▶ [Work to be completed]: Where a line contains "These Custom Name", begin there and restate word for word every line to the end of the entries below, pictures excluded.

[Opening Data provided section]

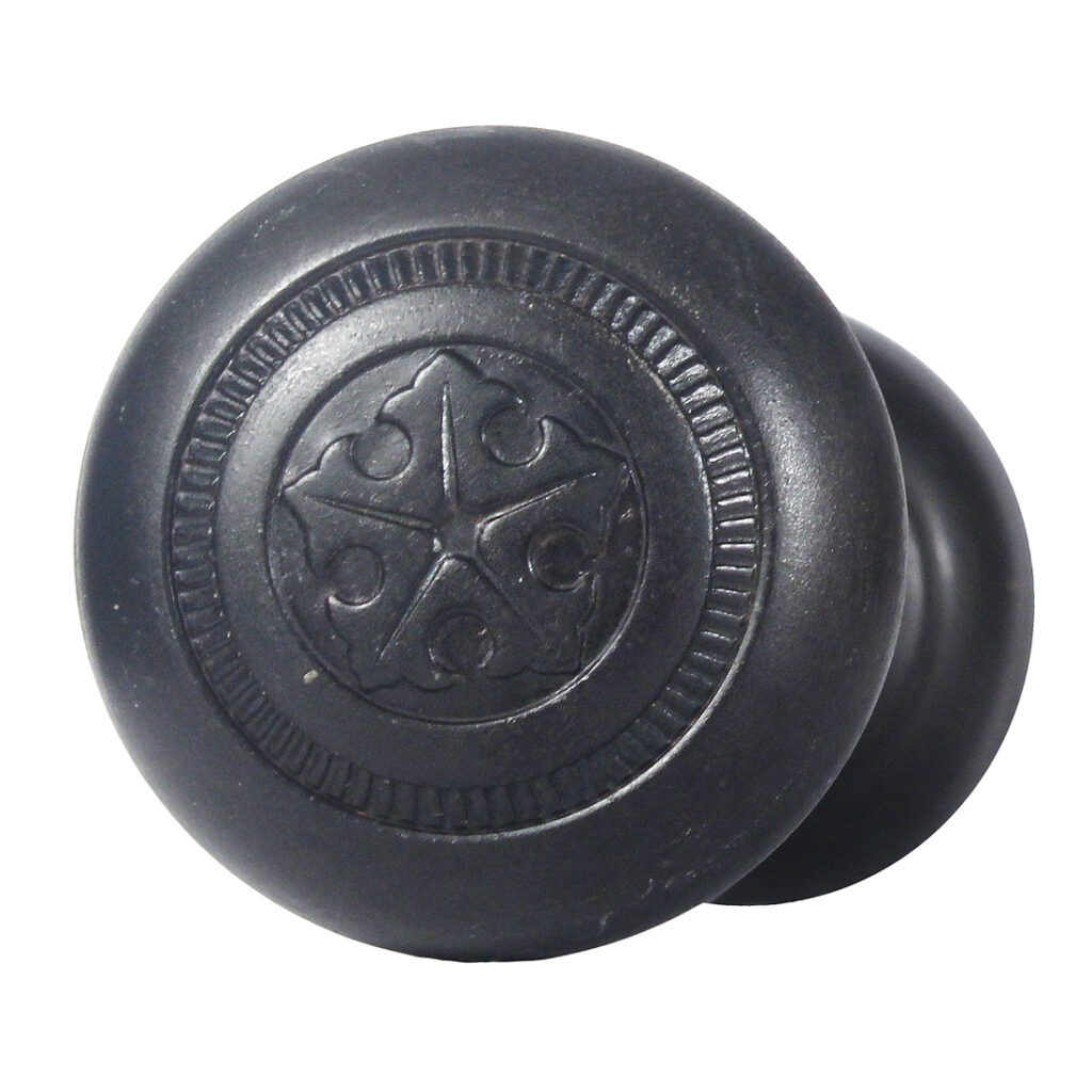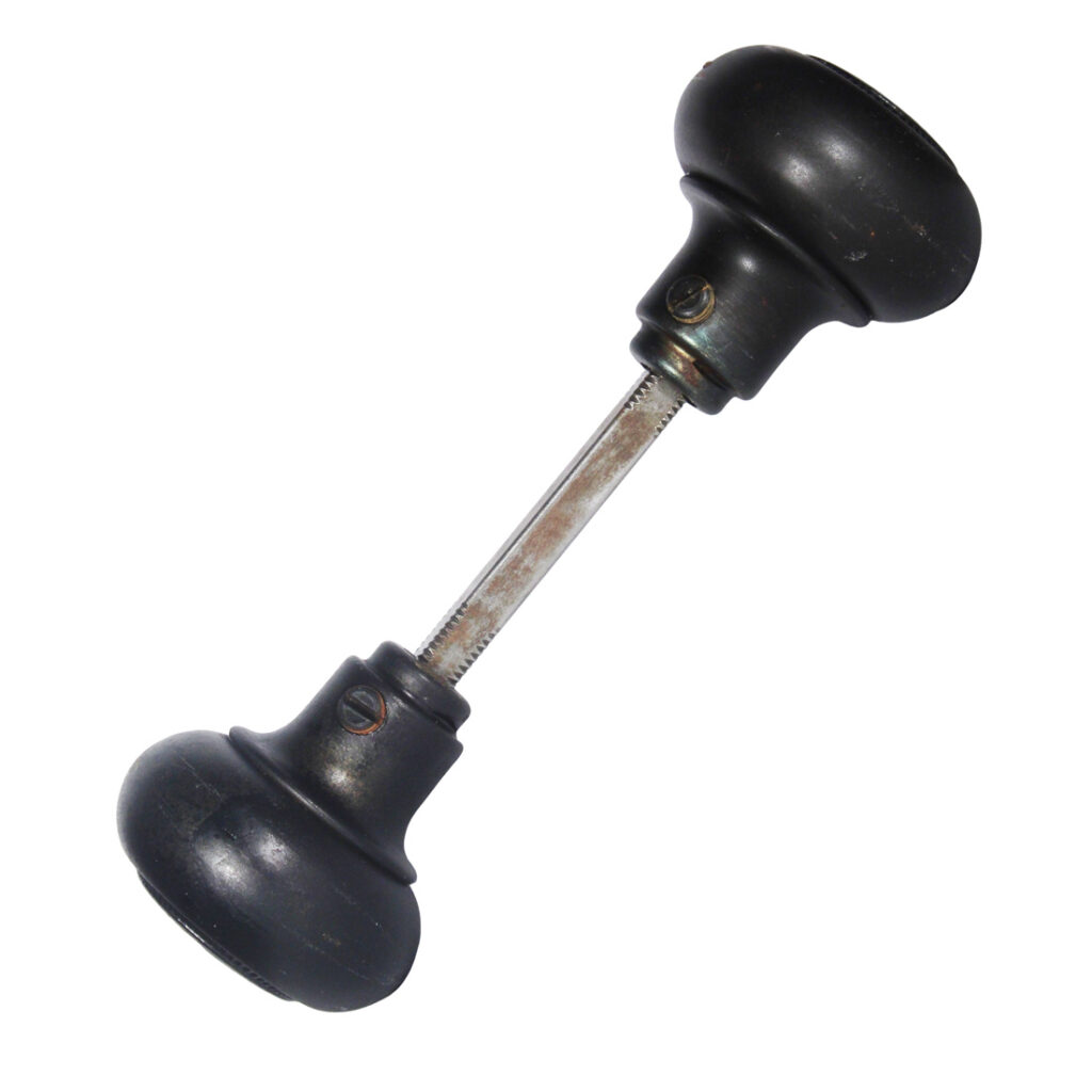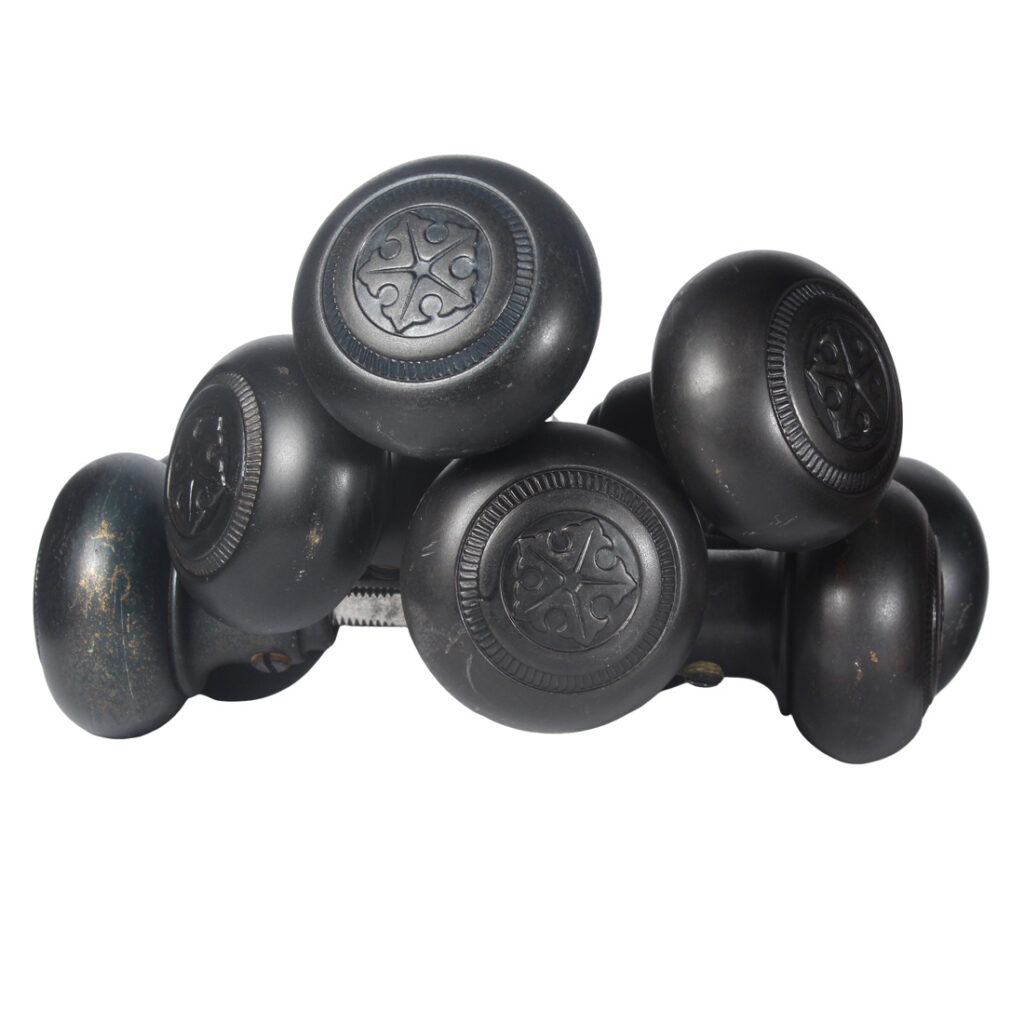 Nice sets of antique doorknobs in Sager’s “Empire” pattern, dating c. 1937. Each knob set is in excellent antique condition, and features a gorgeous darkened patina (as pictured); THE PRICE LISTED IS FOR EACH DOOR KNOB SET – a set includes two knobs, a connecting rod, and two set screws (enough hardware for one door). Each doorknob measures 2” in diameter and 2” deep.
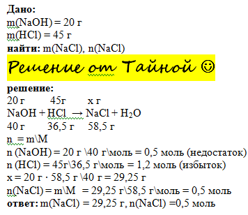 На нейтрализацию 20г раствора NaOH затрачено 45г раствора соляной кислоты. Рассчитайте массу и количество вещества полученной соли.
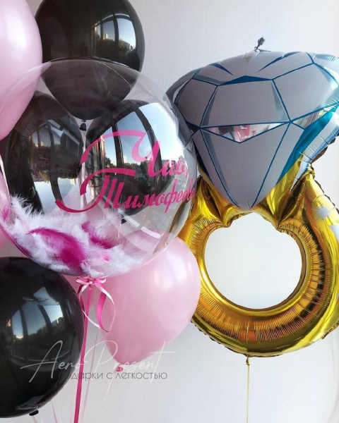 - Пластиковый шар с перьями и индивидуальной написью;
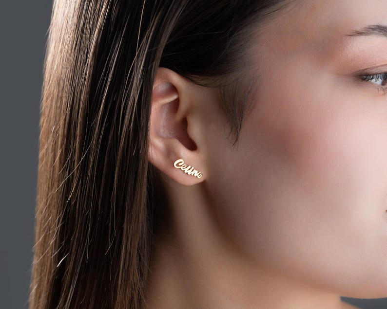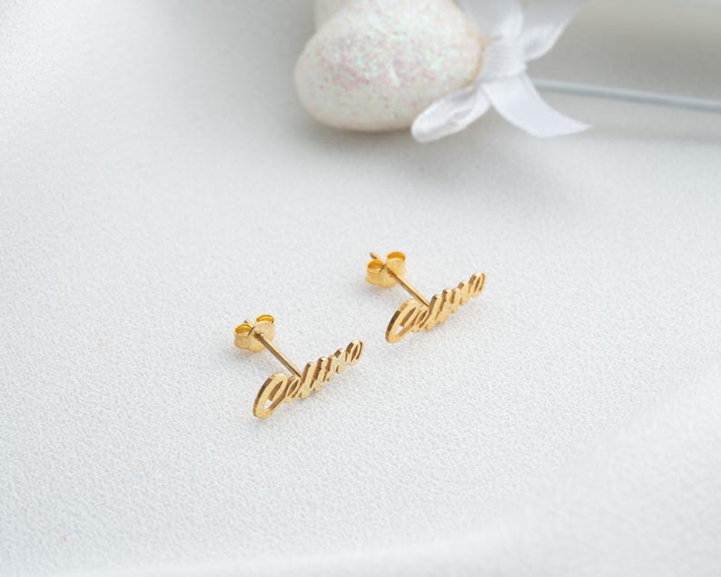 These Custom Name Earrings are crafted with a sleek and stylish design, featuring your personalized name in a beautiful script font. Whether it’s your own name or someone special’s — this accessory becomes a truly unique keepsake.
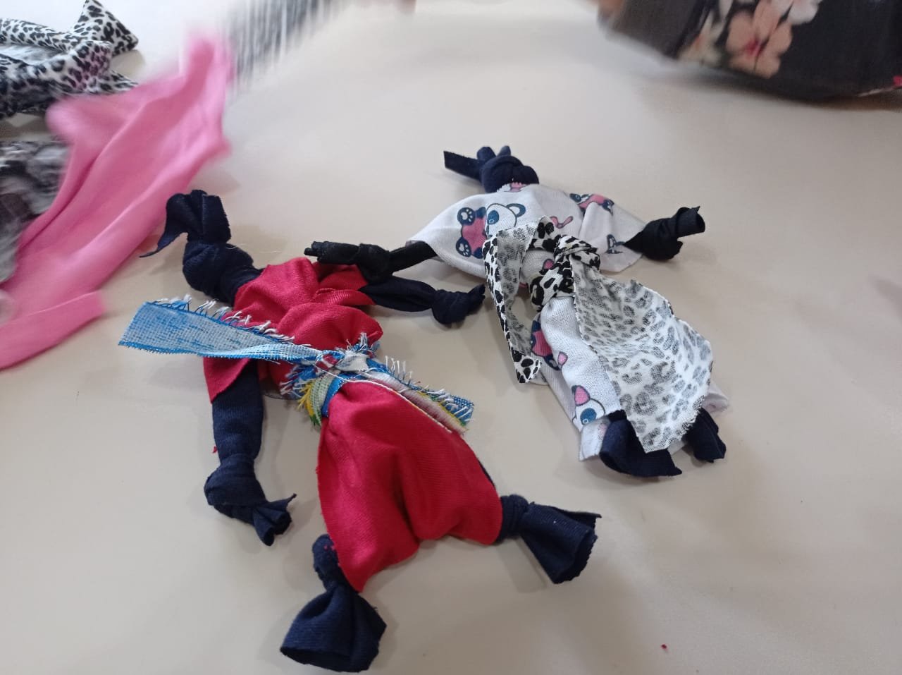 A boneca abayomi sempre negra é feita apenas com nós, sem usar agulha e linha.
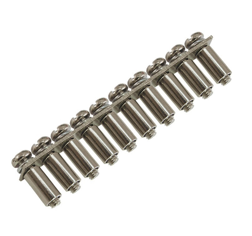 Клеммная перемычка серии ШС-01 DEKraft, предназначена для соединения наборных зажимов серии ЗН-101, количество подключаемых наборных зажимов &ndash, до 10 штук, номинальный ток до 24 А, сечение проводов &ndash, до 2,5 кв.мм, количество в упаковке &ndash, 50 шт.
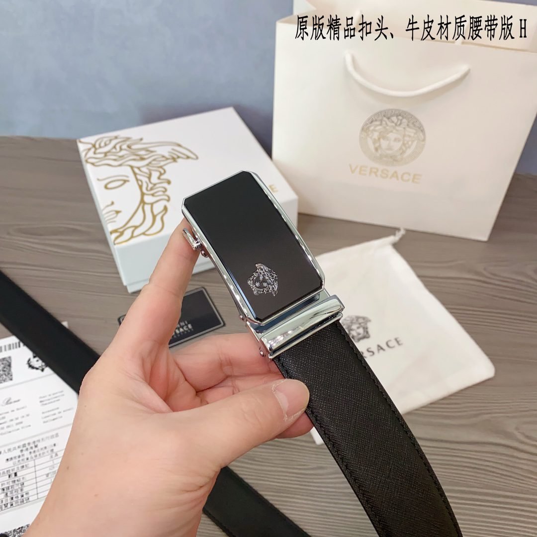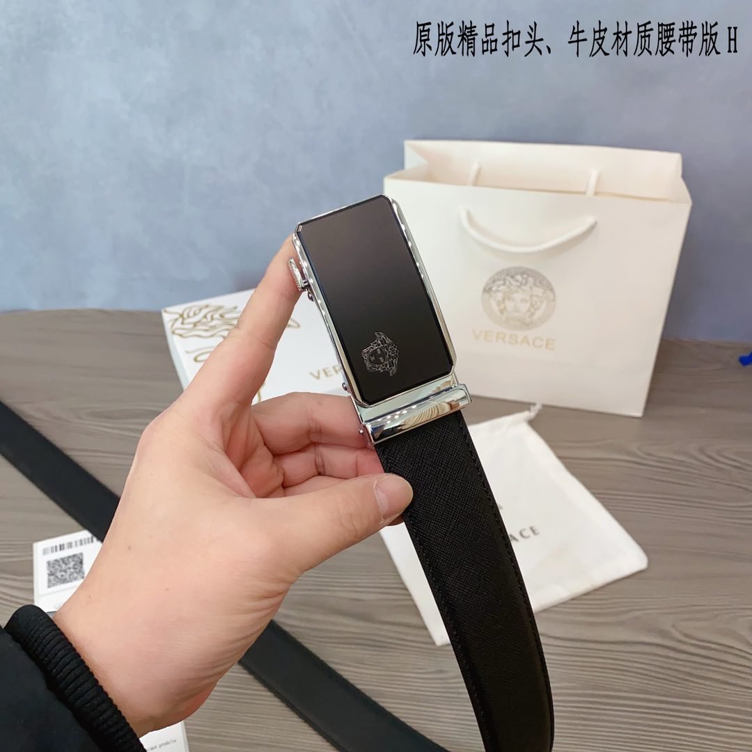 Versace silver square buckle with double-sided black belt, simple, fashionable, noble, and elegant

[Closing Data provided section]

▶ [Solution for this task]:
 These Custom Name Earrings are crafted with a sleek and stylish design, featuring your personalized name in a beautiful script font. Whether it’s your own name or someone special’s — this accessory becomes a truly unique keepsake.
 A boneca abayomi sempre negra é feita apenas com nós, sem usar agulha e linha.
 Клеммная перемычка серии ШС-01 DEKraft, предназначена для соединения наборных зажимов серии ЗН-101, количество подключаемых наборных зажимов &ndash, до 10 штук, номинальный ток до 24 А, сечение проводов &ndash, до 2,5 кв.мм, количество в упаковке &ndash, 50 шт.
 Versace silver square buckle with double-sided black belt, simple, fashionable, noble, and elegant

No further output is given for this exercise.